Lately the exchange has been reaching new heights - its latest listing this week was Airlines of PNG, a growing domestic and international operator - as markets from New York to London, Sydney and Singapore have gone into reverse gear.
With the financial year coming to an end in Australia, most superfunds are expected to announce double digit losses for what is shaping up as one of their worst years in over a decade.
Not so the big superfunds in PNG, particularly Nasfund and Nambawan Super, which respectively look after private and public sector employee superannuation.
Their Papua New Guinean members can look forward to double digit returns after an excellent run these past five years.
Nasfund, which last year credited its member accounts with a 37% return, has averaged 20.6% annually over the past five years.

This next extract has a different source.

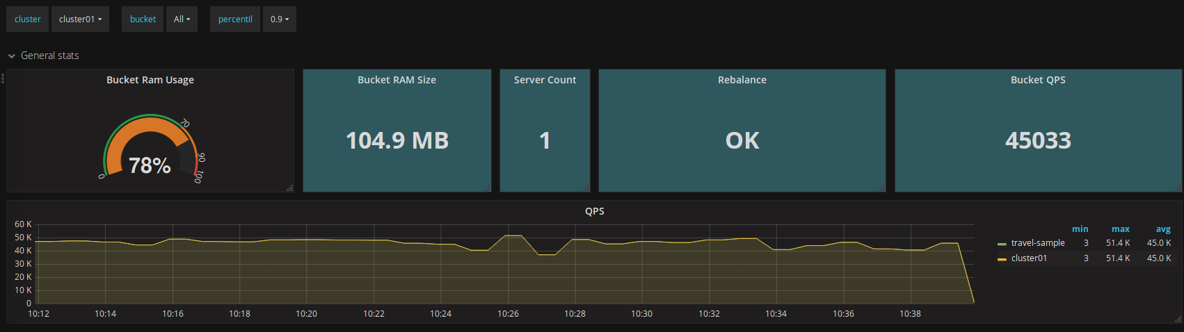 Couchbase dashboard based on prometheus metrics exported by our Couchbase Java probe Mewpoke.

Its public sector counterpart, Nambawan Super, last year credited members with a 32% return for an average annual return of 20.5% over the past five years.
Part of their success is linked to the strong performance of POMSoX, where
17 companies are listed.
Among their top performers have been Oil Search and New Britain Palm Oil, which saw its share price skyrocket after a recent listing on the London Stock Exchange - a stark contrast to the failed attempt to list on the Australian Securities Exchange in the late 1990s.
Big performers that are only listed on POMSoX include PNG's largest bank, Bank South Pacific, which has more than 50% of domestic banking services, and finance company, Credit Corp, whose major operations are in PNG and Fiji.
There are good reasons why POMSoX is performing so strongly when contrasted with its much bigger overseas counterparts.
Despite the bearish mood emanating lately from Wall Street, a range of resource stocks, especially oil and many mining stocks, are still enjoying favour in the marketplace in the face of record level commodity prices.
POMSoX is largely a reflection of this subset with most of its non-finance listings involving resource companies such as the mega operations of Oil Search and Lihir Gold, both on the ASX top 50; and strong agricultural performers such as New Britain Palm Oil and Ramu Agri Industries.
The latter is presently the subject of a takeover battle involving NBPOL and the privately-owned WH Carpenters Group, both of which already hold significant stakes in Ramu Agri.
Ramu, which was listed on POMSoX in September 2002 as Ramu Sugar, has since diversified into palm oil and cattle and is experimenting with other crops.
The company is also testing a potent rum concoction that may one day challenge its more famous Australian ‘Bundy' cousin - at least on PNG's shores.
Like their counterpart stocks in Australia and elsewhere, many junior explorers listed on POMSoX, among them Highlands Pacific, Marengo and Frontier Resources, have largely been ignored by punters.
Frontier, which has been in a life and death struggle over its large Kodu copper-gold discovery near the Kokoda Track, yesterday was officially told the PNG Government was not going to renew its exploration licence.
The company share price yesterday hit an all-time low of 4.9c. It promised to pursue a legal claim for compensation for exploration expenditure that has totalled $A3.2 million as well as for lost potential profit amounting to $A3 billion.
The news that a sovereign risk issue has once again arisen does not appear to have affected POMSoX, which lately has been basking in the glow of the ExxonMobil decision to commence front-end engineering and design on its US$11 billion LNG project.